As it can be seen in the Figure 8 the visualization includes four different charts: a pie chart and three bar charts. The pie chart represents the proportion of taxa that, depending on the percentage of proteins associated which are annotated as antibiotic resistance, are classified as:
Low [0 - 0.1%)
Medium [0.1% - 0.5%)
High [0.5% - 1%)
Superbug [1%-100%]
Together with the pie chart, two bar charts are included in the same panel. The first one shows the percentage of plasmid proteins found per taxa whereas the second shows the percentage of proteins annotated both as plasmid and antibiotic resistance.
The panel below includes at the right end a drop-down list that is dynamycally populated with as many Interpro motifs as columns are found for them in the CSV file used as input for this data visualization. Thus, by using this element we can visualize the percentage of proteins per taxa that are associated to antibiotic resistance related Interpro motif selected by the user. Interacting with this chart will also filter the data that is being visualized, updating the rest of charts accordingly to the selection.
3D Bar Chart
Finally we have included a very useful visualization for multivariate data by representing a 3 dimensional matrix of values with species and samples as axes. As it was mentioned in the abstract, in order to build this chart we use X3DOM[2] for the 3D visualization. The bar chart is inspired by camio’s D3.js block, although it has been largely improved in order to have an interactive 3D matrix bar chart instead.
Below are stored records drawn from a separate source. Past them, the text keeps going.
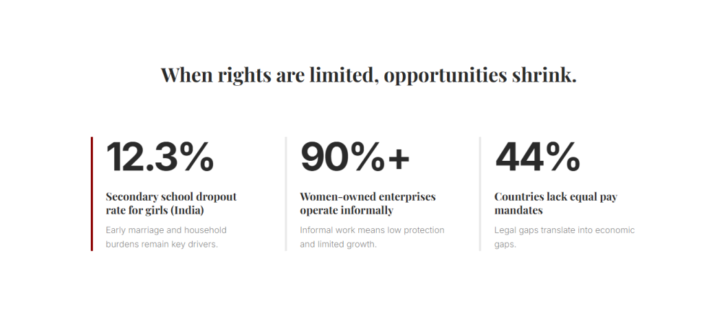 A new UN Women report finds that no country grants women full legal equality, globally women hold only about 64% of the legal rights that men enjoy[1]. These gaps, from weak equal-pay laws to laws allowing child marriage, leave women exposed to discrimination, violence and exclusion throughout life[1][2]. For instance, in nearly 75% of countries, girls can still be legally forced into marriage, and 44% of countries have no equal-pay requirement[2]. These legal shortfalls translate into lost opportunities: girls drop out of school and women stay out of the formal workforce. In India alone, 12.3% of secondary-school girls drop out, often due to early marriage or household pressures[3]. With laws lagging, organizations like Smile Foundation step in on the ground, strengthening girls’ education and women’s economic agency to counter these structural barriers.
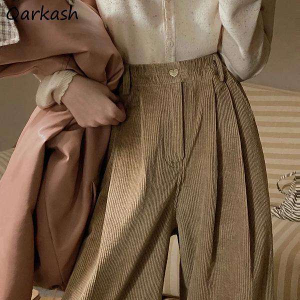 女性用ワイドレッグパンツ,カジュアル,美的,秋冬,ベルベット,日本スタイル
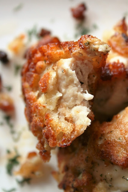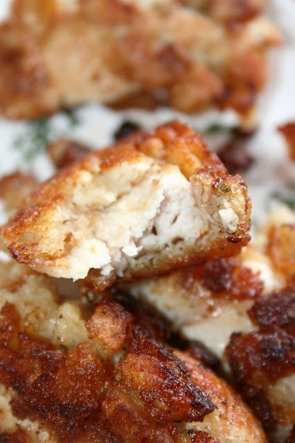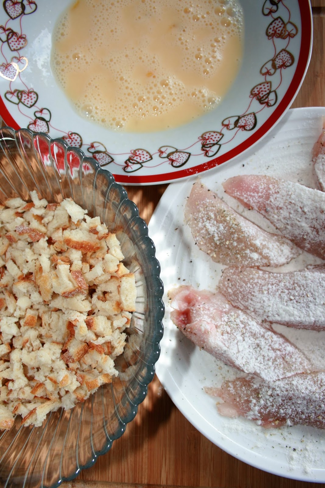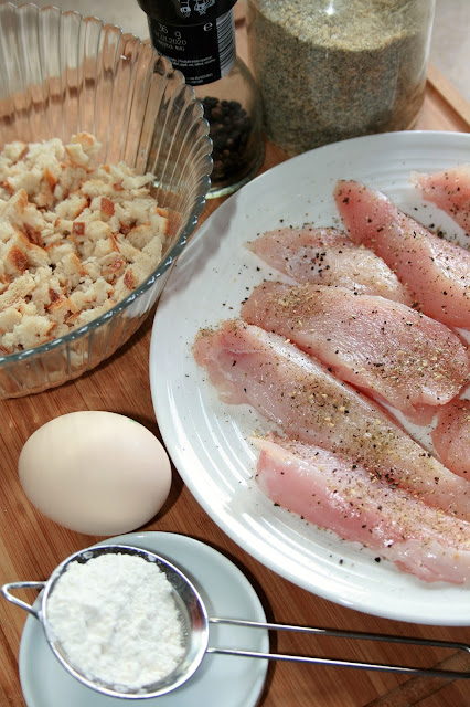 Składniki:2 pojedyncze filety z piersi kurczaka2-3 bułki kajzerki (mogą być zarówno świeże, jak i czerstwe)1-2 jajka1-2 łyżki mlekamąka do oprószenia mięsasól ziołowa, pieprzolej rzepakowy do smażeniaPrzygotowanie:Bułki kroję na bardzo drobną kostkę (im drobniej, tym lepiej) i przekładam je do szerokiej miseczki. Filety kroję na niewielkie kawałki, oprószam je z obu stron solą ziołową i pieprzem, a następnie dość mocno mąką (to najłatwiej zrobić za pomocą sitka). W głębokim talerzu roztrzepuję jajko z odrobiną mleka. Każdy kawałek mięsa zanurzam w jajku, a potem w pokrojonej bułce. Lekko przyklepuje, by jak najwięcej kawałków bułki przykleiło się do mięsa. Tak przygotowane kąski kurczaka smażę na średnio rozgrzanym ogniu na mocno rumiany kolor z obu stron.
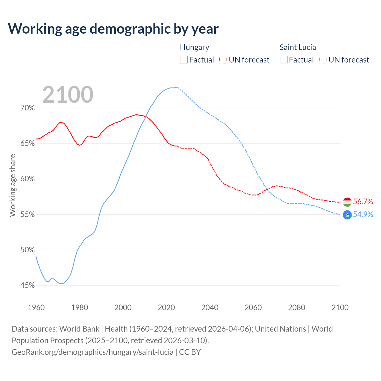 - Hungary has 6.12M working age adults (aged 15-64) vs 132K in Saint Lucia.

See Figure 9.
This chart includes several features that allow the user to see different characteristics of the data by interacting with the visualization. First of all we have added tooltips to the bars that can be either activated or deactivated by means of a checkbox. These tooltips include data attributes such as: sample name, species name, percentage value, and a clickable piece of text holding the species id that opens a new tab leading to the NCBI taxonomy official page for that specific taxon.
Apart from that there also exists a slider by which the user is able to highlight all bars that hold a value greater than that specified by the slider. This is a good way to quickly get a general idea of the distribution of pairs species-sample that have values above and below the desired threshold.
Finally we also added a button that takes a screenshot of the current state of the chart allowing researchers to easily have an image showing their results that could later be used for publication or other purposes.
Biographika codebase
Biographika is open source, licensed under the open source approved AGPLv3 license. All development happens on GitHub, under the Biographika organization.